- [Task description] Only the lines below from the one containing "CNRS has reinforced" through the one containing "Paglalarawan ng Content: a" belong in the answer, repeated exactly and without pictures.

Dataset records:
============

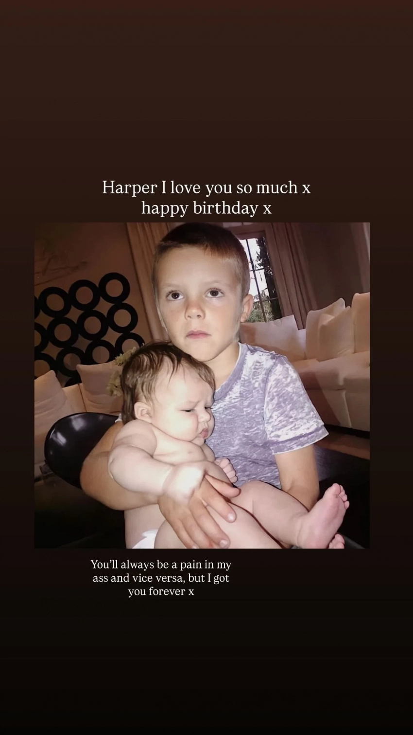 Круз и Харпер БекхэмРанее стало известно, что Бруклин Бекхэм пропустит день рождения младшей сестры из-за конфликта с родителями. Источники также сообщили, что Харпер всегда была близка с братом, поэтому его отсутствие станет для неё "настоящим ударом".
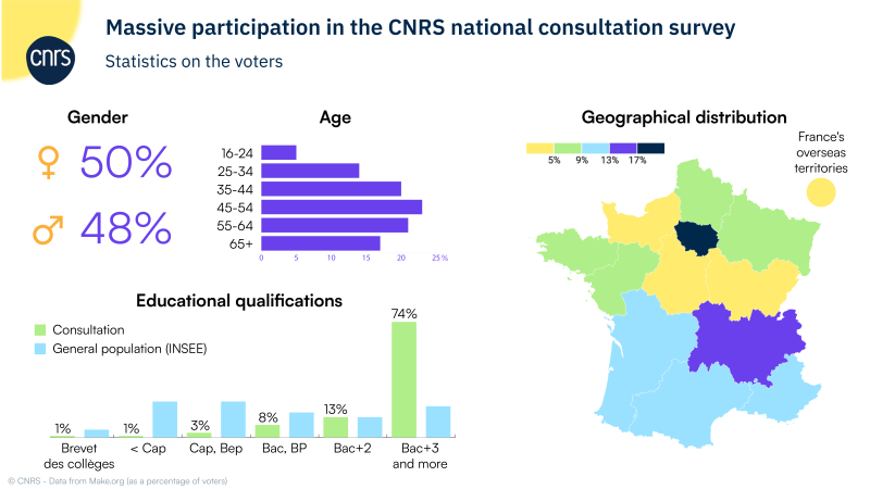 "The CNRS has reinforced its capacity to listen to society with this initiative, which is rare in the scientific world," explains Antoine Petit, the Chairman and CEO of the CNRS referring to the national consultation run from November 28th 2024 to January 31st 2025 in partnership with the Make.org citizen engagement platform. The survey was based on a single question - "How can science help us construct the world of tomorrow?"
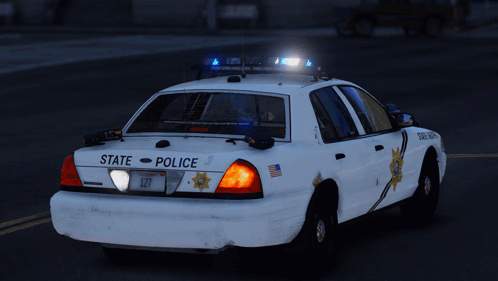 Paglalarawan ng Content: a white state police car is driving down the street at night
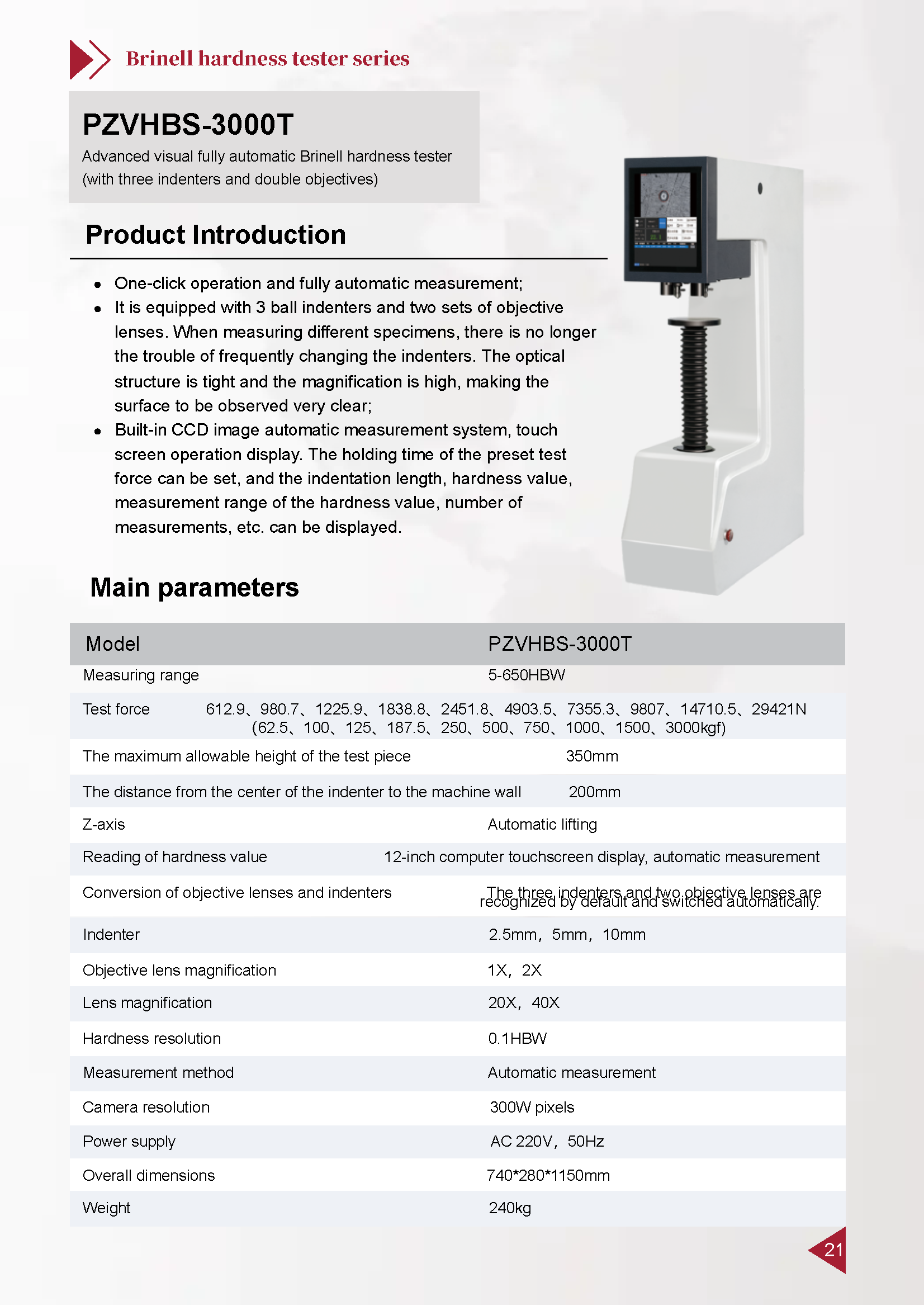 จำหน่าย-รับซ่อม เครื่องวัดความแข็ง Advanced visual fully automatic Brinell hardness tester (with three indenters and double objectives) รุ่น PZVHBS-3000T
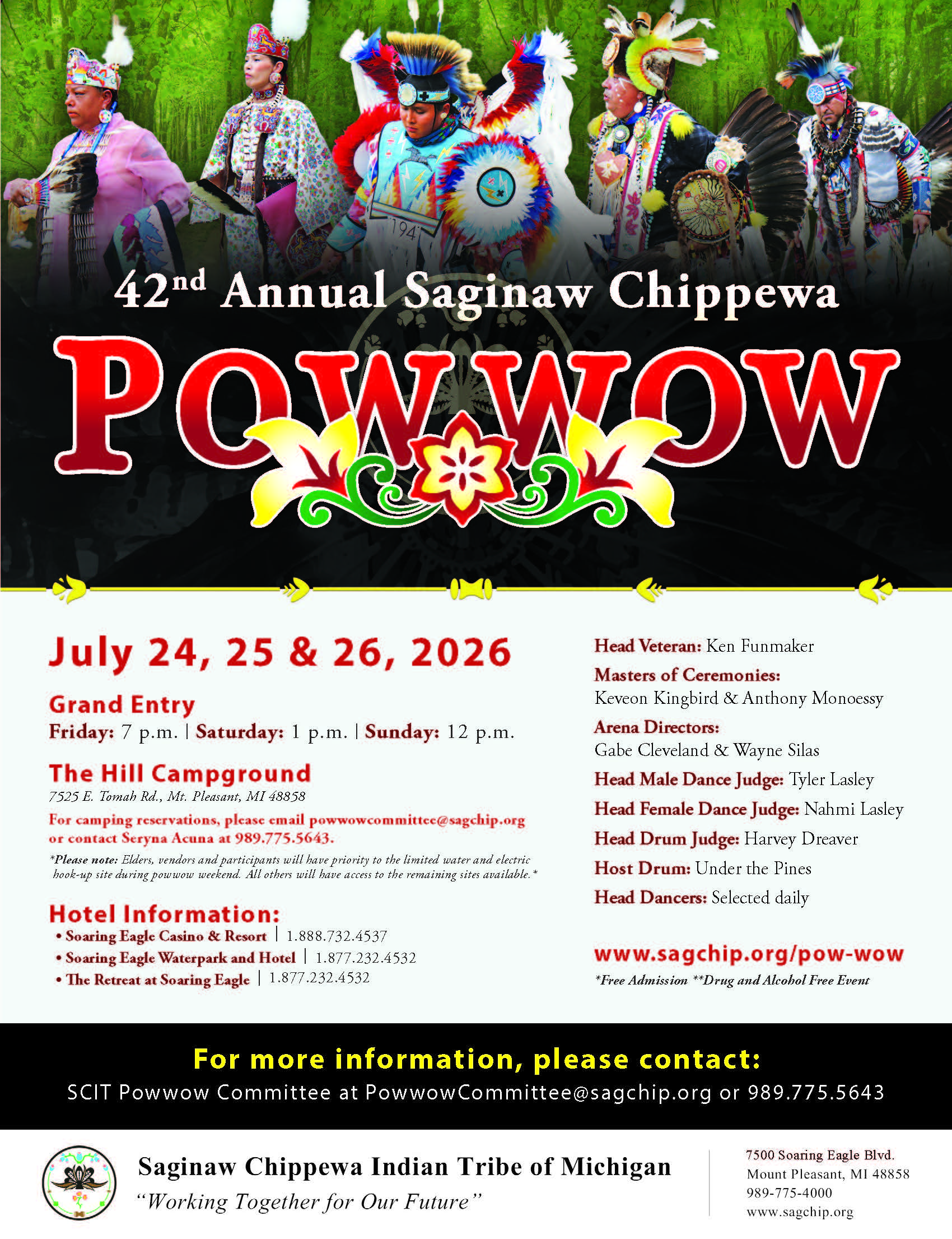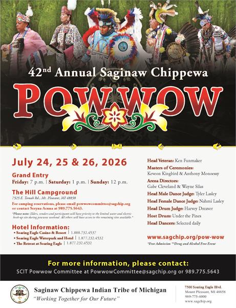 SCIT Powwow Committee at PowwowCommittee@sagchip.org or 989.775.5643
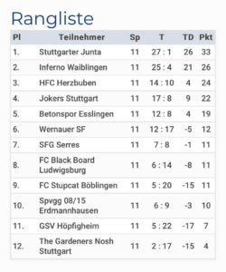 Spannung pur am letzten Spieltag. Als Verfolger hatten wir 60 Punkte aufzuholen, um noch den Gesamtsieg zu holen. Das konnten wir aus der eigenen Kraft praktisch nicht schaffen und waren auf Patzer vom Gejagten, Inferno aus Waiblingen, angewiesen.
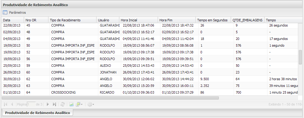 Serão exibidos no grid o intervalo de tempo de execução da Ordem de Recebimento, por um usuário numa determinada data.
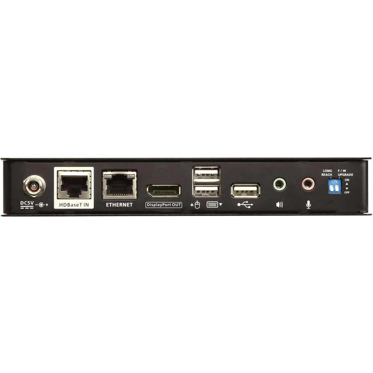 ATEN CE920-ATA-G. Typ: Sender und Empfänger, Übertragungstechnik: Kabelgebunden, Maximal mögliche Übertragungsstrecke: 150 m. Transmitter-Video-Anschlusstyp: DisplayPort, Transmitter lokaler Tastatur-/Maus-Anschlusstyp: USB. Empfänger lokaler Video-Anschlusstyp: DisplayPort, Empfänger lokale Tastatur/Maus-Anschlusstyp: USB. USB Datenübertragungsraten: 480 Mbit/s. Netzteil Ausgangsspannung: 5 V, Stromverbrauch (Sender) (max.): 3,99 W, Stromverbrauch (Empfänger) (max.): 6,74 W

============

- [Response]
 "The CNRS has reinforced its capacity to listen to society with this initiative, which is rare in the scientific world," explains Antoine Petit, the Chairman and CEO of the CNRS referring to the national consultation run from November 28th 2024 to January 31st 2025 in partnership with the Make.org citizen engagement platform. The survey was based on a single question - "How can science help us construct the world of tomorrow?"
 Paglalarawan ng Content: a white state police car is driving down the street at night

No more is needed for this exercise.